Askeri Başarısızlıklar ve Stratejik Açığa Çıkma
İran’ın Nisan 2024’te İsrail’e yönelik doğrudan füze ve insansız hava aracı saldırılarının büyük çoğunluğu etkisiz hale getirildi. Bu durum, İran’ın konvansiyonel askeri yeteneklerindeki önemli sınırlamaları ortaya koydu.
Buna karşılık, İsrail hava saldırılarıyla İran’ın kritik askeri varlıklarını hedef aldı. Bu hedefler arasında hava savunma sistemleri, insansız hava aracı üretim tesisi ve füze üretim tesisleri yer alıyordu.
Bu saldırılar, İran’ın hava savunma altyapısında ciddi hasar yaratırken, tüm İsrail uçakları üslerine güvenle döndü.
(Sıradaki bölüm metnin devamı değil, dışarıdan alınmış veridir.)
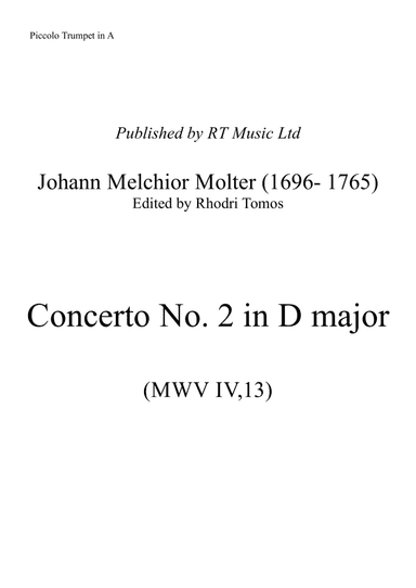 Trumpet Solo - Level 5 - Digital Download SKU: A0.865025 Composed by Johann Melchior Molter (1696-1765). Arranged by Rhodri Tomos. Baroque. Individual part. 40 pages. RT Music Ltd #6301879. Published by RT Music Ltd (A0.865025). Molter Concerto No.2 in D major. Solo parts piccolo trumpet in A & trumpets in D, C & Bb for 1. Allegro 2. Adagio 3. Allegro. This product was created by a member of ArrangeMe, Hal Leonard's global self-publishing community of independent composers, arrangers, and songwriters. ArrangeMe allows for the publication of unique arrangements of popular titles and original compositions from a variety of voices and backgrounds. The length, difficulty, and retail pricing are determined solely by the discretion of the person who arranged or composed it. About Digital Downloads Digital Downloads are downloadable sheet music files that can be viewed directly on your computer, tablet or mobile device. Once you download your digital sheet music, you can view and print it at home, school, or anywhere you want to make music, and you don’t have to be connected to the internet. Just purchase, download and play! PLEASE NOTE: Your Digital Download will have a watermark at the bottom of each page that will include your name, purchase date and number of copies purchased. You are only authorized to print the number of copies that you have purchased. You may not digitally distribute or print more copies than purchased for use (i.e., you may not print or digitally distribute individual copies to friends or students).

Bu da operasyonel etkinlik açısından iki taraf arasındaki dengesizliği daha da belirgin hale getirdi.
Nükleer Program: Avantajdan Yükümlülüğe
Bir zamanlar uluslararası müzakerelerde güçlü bir koz olan İran’ın nükleer programı, artık giderek daha büyük bir yükümlülük haline gelmiş durumda. Uranyum zenginleştirme oranı % 60’a ulaşarak silah yapımına uygun seviyeye tehlikeli biçimde yaklaştı. Bu durum sadece Batı’yı değil, Körfez Arap ülkeleri ve Çin’i de endişelendiriyor.
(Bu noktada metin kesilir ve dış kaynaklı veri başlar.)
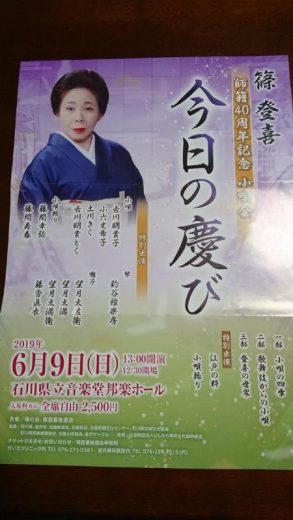 9日、金沢駅近くにある、石川県立音楽堂邦楽ホールにて、篠登喜先生の師籍40周年を記念する小唄会…

Washington ile Tahran arasındaki müzakereler, rejime iki seçenek sunuyor: nükleer emellerinden vazgeçmek ya da olası bir askeri müdahale ile karşı karşıya kalmak.
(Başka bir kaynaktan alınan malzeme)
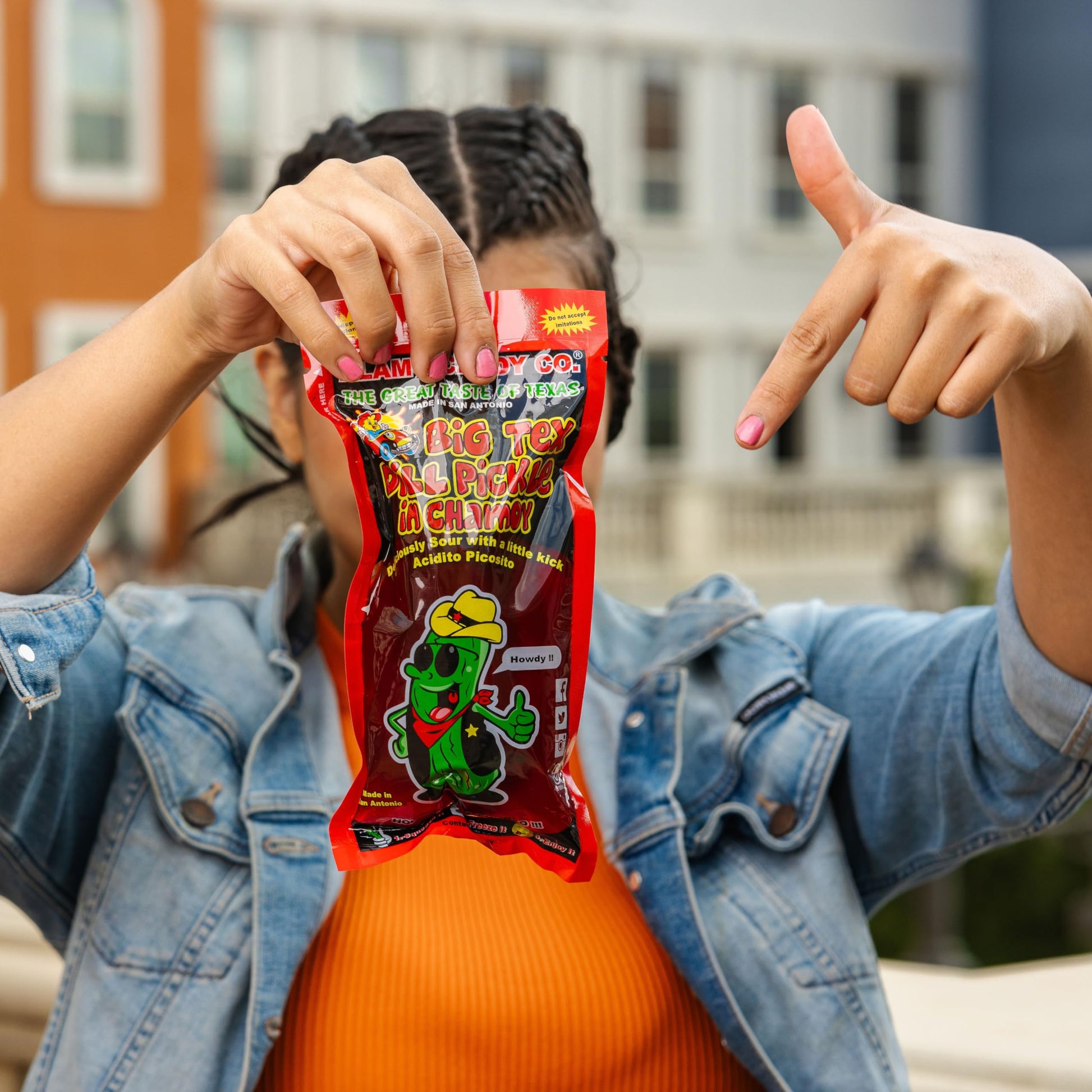 - Q: What is included in the Chamoy Pickle Kit? A: The Chamoy Pickle Kit includes one Famous Alamo Candy Big Tex Dill Pickle in chamoy, Skwinkles, Sabrositas belts, Lucas Gusano, Lucas Polvos (watermelon sandia), Mini Tajin, Takis, and an As Seen on Tik Tok magnet by Patroclus.

Yaptırımlar kaldırılsa bile, İran ekonomisi onlarca yıllık yolsuzluk ve mali çöküntü nedeniyle toparlanmakta zorlanacaktır. Daha da önemlisi, İslam Cumhuriyeti hem iç hem de uluslararası alanda güvenilirlikten yoksundur. Artık rasyonel ya da güvenilir bir devlet aktörü olarak görülmemektedir.
Nükleer mesele, uluslararası konsensüsün nadir görülen bir noktası haline gelmiştir. Bu durum, İran’ın izolasyonunun daha da derinleşmesine katkıda bulunmuş, İran’ı çevreleme çağrılarını güçlendirmiş ve askeri hazırlıkların yeniden canlanmasına yol açmıştır.
İran’daki artan iç huzursuzluk ve dış politikadaki başarısızlıklar, ABD ve müttefikleri için stratejik bir fırsat oluşturuyor. Batı, İslam Cumhuriyeti’nin olmadığı bir gelecek için plan yapmaya başlamalıdır.
İslam Cumhuriyeti’nin temel direkleri olan dini meşruiyet, ekonomik yönetim ve bölgesel güç çökmüş durumda. Rejim, güvenlik güçleri aracılığıyla hâlâ baskı uygulamaya devam etse de, toplumsal temelini kaybetmiştir.
İran’da rejim değişikliği artık uzak bir ihtimal değil; giderek daha olası bir sonuç haline gelmiştir. Batılı liderler için soru artık bunun olup olmayacağı değil, barışçıl, istikrarlı ve demokratik bir geçişin nasıl şekillendirileceğidir.
***
Dr. Fariba Parsa, sosyal bilimler alanında doktora sahibidir ve İran siyaseti üzerine, özellikle siyasi İslam, demokrasi ve insan hakları konularında uzmanlaşmıştır. Kendisi, Fighting for Change in Iran: The Women, Life, Freedom Philosophy against Political Islam (İran’da Değişim için Mücadele: Siyasi İslam’a Karşı Kadınlar, Yaşam, Özgürlük Felsefesi) adlı kitabın yazarıdır. Ayrıca Dr. Parsa, İran ve Afganistan’daki kadınları çevrimiçi liderlik eğitimi ve öğretimi yoluyla güçlendirmeye adanmış bir sivil toplum kuruluşu olan Women’s E-Learning in Leadership (WELL)’in kurucusu ve başkanıdır.